Маркансу – странное, зловещее название, его можно перевести и как «долина смерти» и как «долина смерчей».
Маркансу – передняя Памира. Через Маркансу проходит старинный караванный путь на Памир. Еще много сотен лет назад, как только путник входил в ворота Памира – на перевал Кзыларт, так сразу обрывалось, исчезало все, что он видел до сих пор. Исчезали широкие степные просторы Алайской долины, богатые высокогорные луга по склонам хребтов, медлительные отары баранов, стремительные косяки коней, приветливые дымки над юртами кочевников.
Перед ним другой мир – суровый, холодный, мрачный.
Перед ним широкая дорога, плавными изгибами уходящая вниз, белые кости по обочинам, даже целые скелеты, обтянутые высохшей шкурой, с жутким оскалом черепов и невероятно скрюченными ногами, навеки застывшие в том страшном положении последней мучительной минуты, в которую их застигла смерть.

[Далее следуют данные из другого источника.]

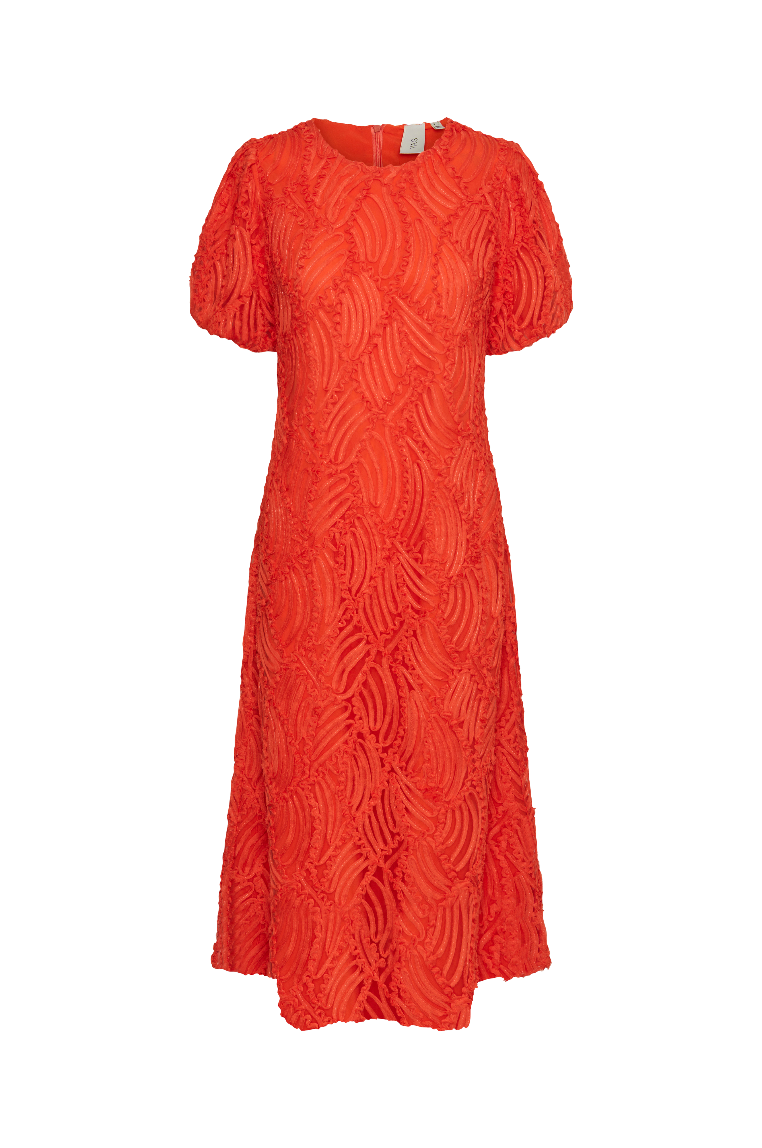 • Lang, figurformede model med strukturmønster overalt• Rund halsudskæring• Kort ballonærme med elastik ved manchetterne• Længde: 127 cm i størrelse S
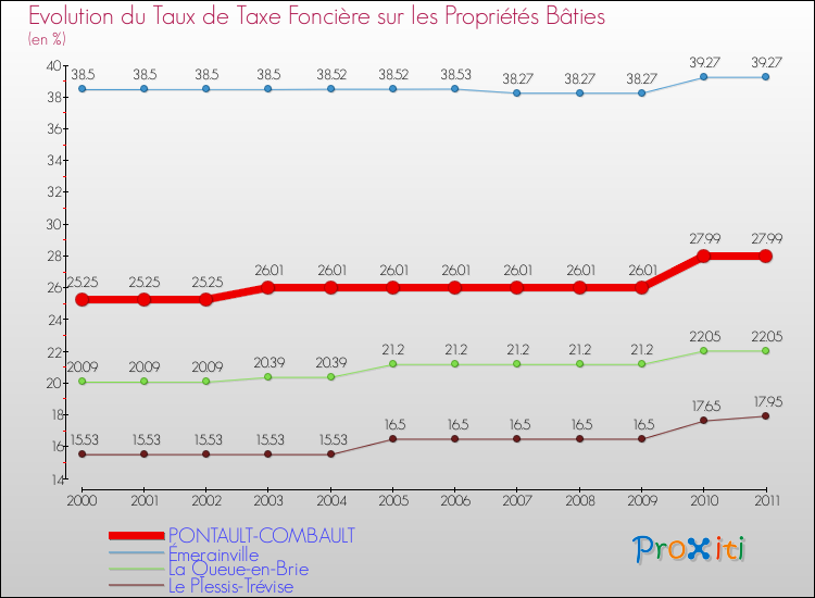 En 2011, le taux de la taxe foncière sur le bâti vôté par le conseil municipal de Pontault-Combault était de : 27.99 %.
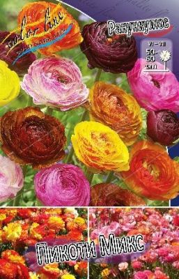 Ранункулюс Пикоти Микс относится к группе многолетних луковичных цветов. Цветки напоминают маленькие розы, а при роспуске изящные маки, или пионы. Высота растения 50 см. Смесь сортов серии Пикоти. Обладает легким слабо уловимым ароматом. Листья тройчаторассеченые, зеленые. Цветение май-июль 2-3 недели, в срезке отлично выглядят до 10-15 дней. Посадка корешков: глубина 6-8 см, на расстоянии 10-15 см. Клубеньки высаживают коготками вниз, место соединения коготков должно быть направлено вверх, иначе лютик погибает. Почва желательна рыхлая, плодородная. Место посадки интенсивно освещенное и в полутени. Ранункулюс устойчив, как к высоким, так и к низким температурам. Размножают ранункулюсы дочерними корневищами, клубнями-детками. Сфера использования при высадке на клумбах, рабатках, в бордюре.Характеристики
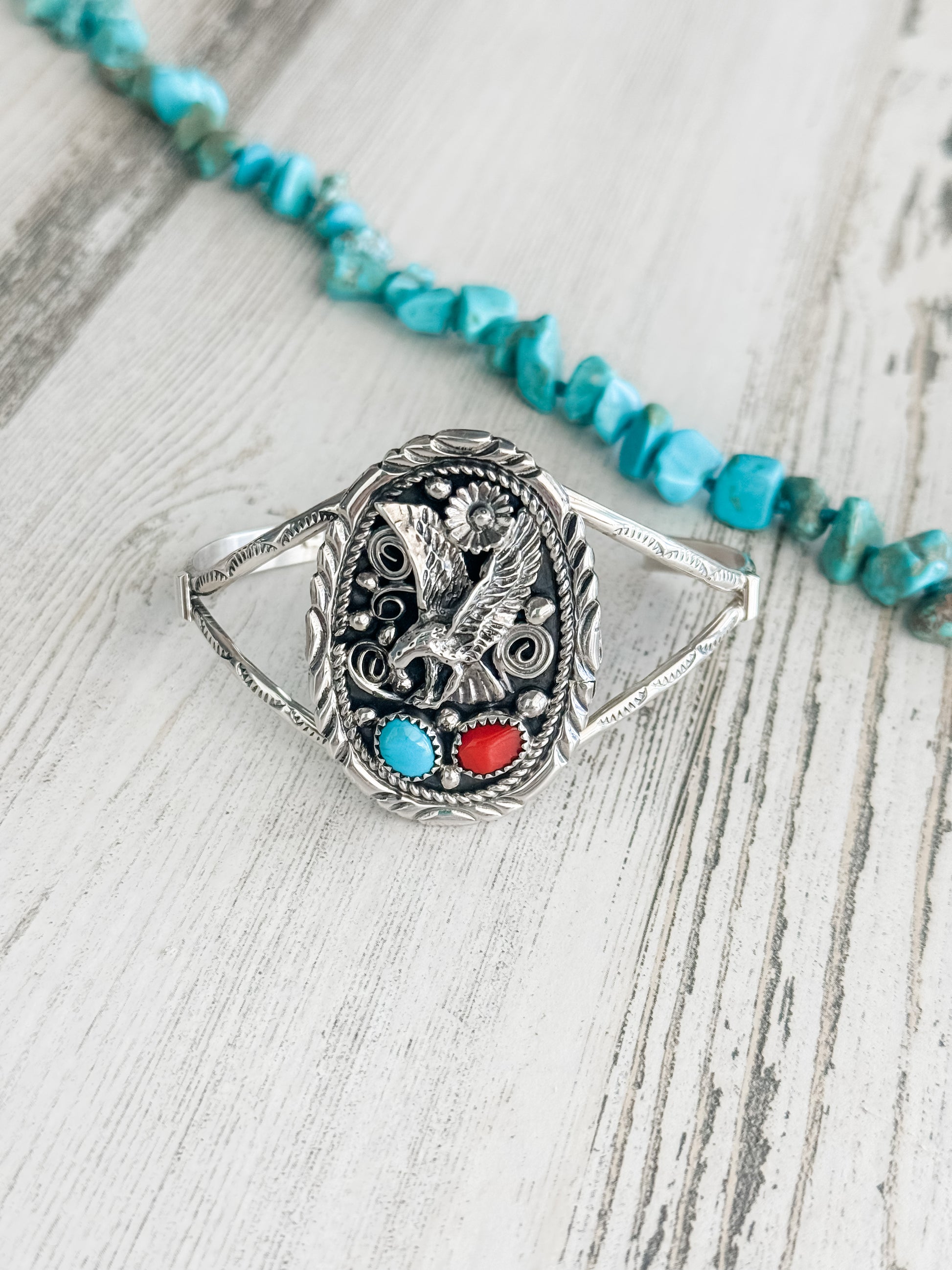 Celebrate Native American craftsmanship with this Turquoise & Coral Eagle Cuff by Navajo artist David Morris. The bracelet features a beautifully detailed silver eagle design, accented with one turquoise stone and one coral stone, blending bold color and symbolic artistry.

Кругом бесконечные безжизненные галечники и песчаные гряды, окруженные скальными кряжами гор. Ветер – сильный, резкий и холодный – крутит пылевые смерчи, гонит песчаные режущие вихри.
Напрасно на серых и бурых скалах гор, на бесконечных галечниках путник будет искать пятна зелени. Их нет.
Ничего не растет в Маркансу.
Напрасно он будет искать следы архаров и кииков, их нет.
Никто не живет в Маркансу.
В холодном ветре пыль и песок, ледяные вершины вверху, мертвые галечники у их подножия да белые черепа у дороги – следы давних безвестных трагедий на этом суровейшем и стариннейшем караванном пути.
Маркансу – долина смерти.
Экспедиция, пришедшая в начале тридцатых годов в Маркансу для изучения растительности, проникла сюда с другой стороны – от Кара-Куля.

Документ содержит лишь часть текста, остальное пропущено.